Monday, Mar. 10, 1947
Light Up in London
Reader's Digest was the first U.S. magazine to be printed in Britain after the wartime blackout. Last week the second one popped up in London bookstores. Unlike the Digest (circ. 11 million), the second U.S. entry--Partisan Review--is a highbrow magazine almost as unfamiliar to most Americans as it is to Britons. But it quickly sold out.
To such English intellectuals as Critic George Orwell and Editor Cyril Connolly, the bi-monthly Partisan Review is the voice of the U.S. intellectual Left. If so, it is a small (circ. 6,500) and often confused voice. Once Communist, it shifted to quasi-Trotskyite, is now vaguely Marxian (but anti-Stalinist), and more literary than partisan. In its 13 years it has published such U.S. writers as John Dos Passos, James T. Farrell, and Gertrude Stein.

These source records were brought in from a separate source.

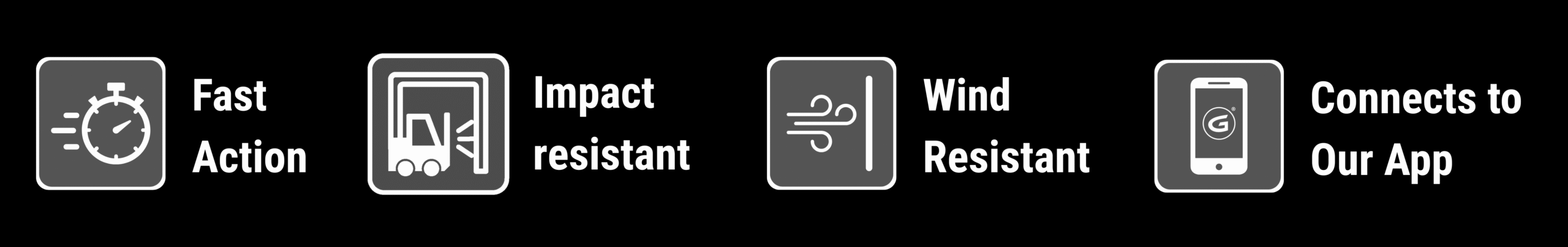 Flexible Bottom Edge – The door’s soft bottom edge flexes around obstructions upon impact (including people), preventing entrapment and improving on-site safety.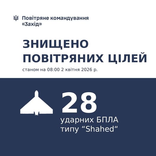 1 квітня на заході України сили ППО збили 28 “шахедів”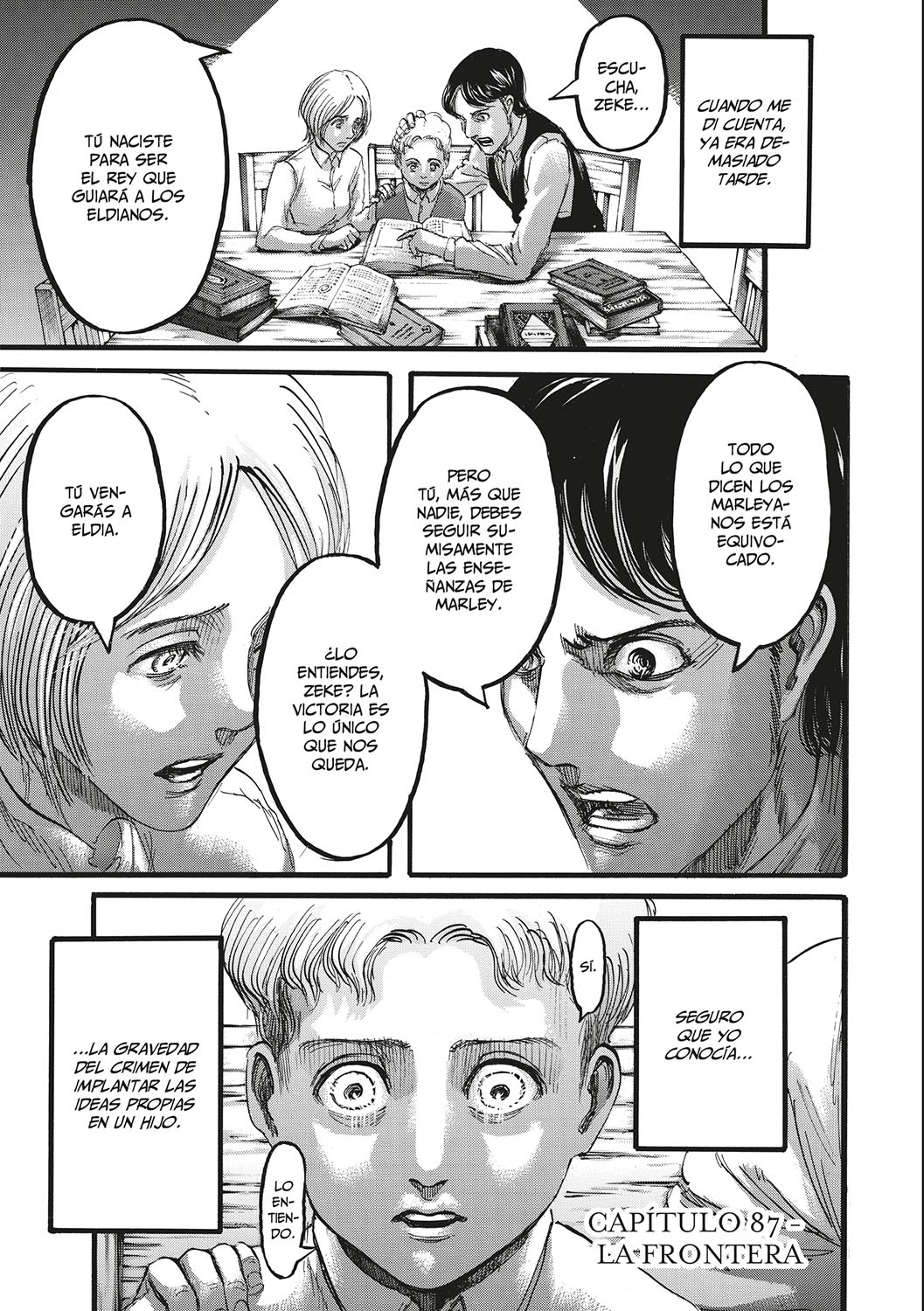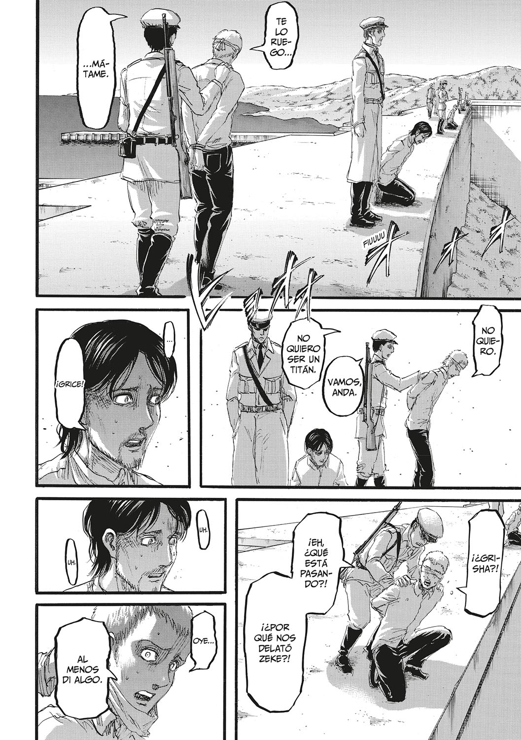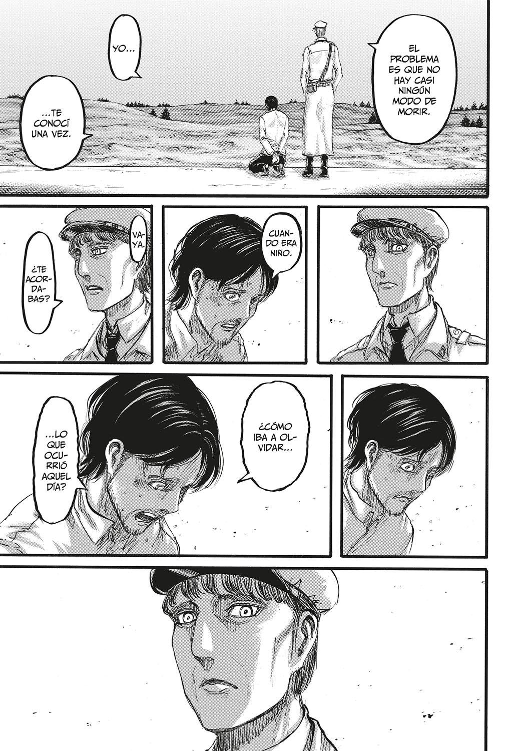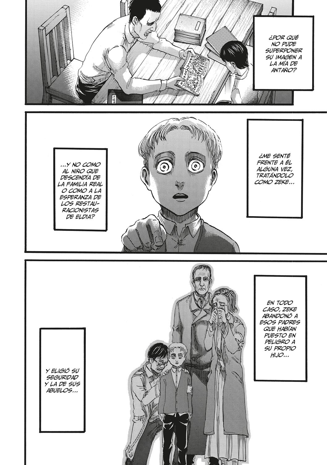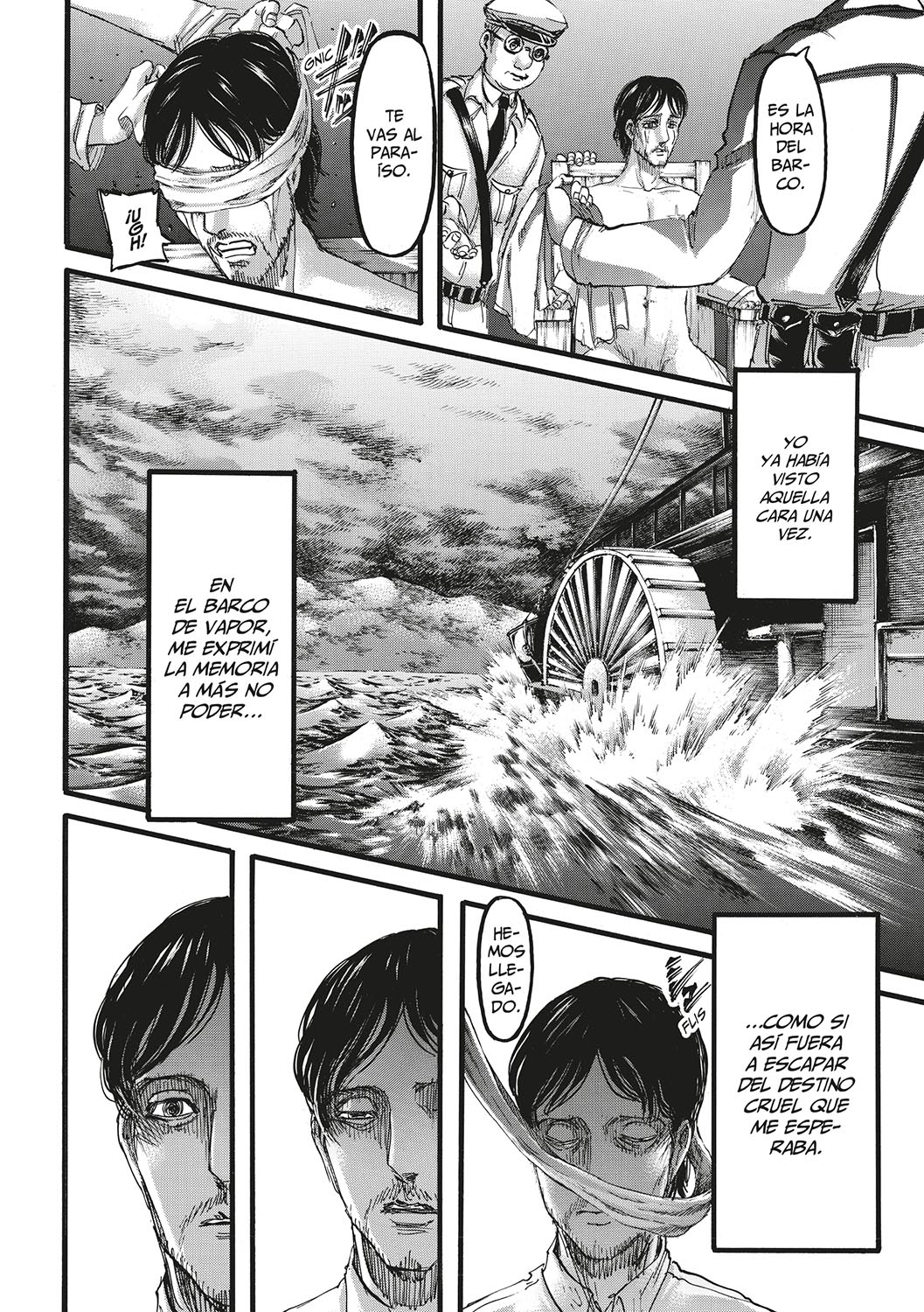 Tras la terrible batalla contra los titanes, en especial contra el titán animal, el cuerpo de exploración llega a la casa natal de Eren, pero el secreto que se oculta en el sótano no es en absoluto lo que se esperaban. ¿Qué camino deberán seguir ante la verdad del mundo que se les ha revelado?

Because he admires the Partisan Review so much, Editor Connolly, who publishes London's highbrow Horizon, had 1,000 photo-offset copies of Review printed, and sold them at cost (35. 6d.). Said one Bloomsbury bookseller: "American intellectuals have so much vitality that it just forces itself out from inside them, while ours just seem to be writing off the top of their minds. Why, when people have discovered Partisan Review on the shelf, their eyes have lit up with pleasure, and as you know people's eyes don't light up any more, what with the dawn of the ice age."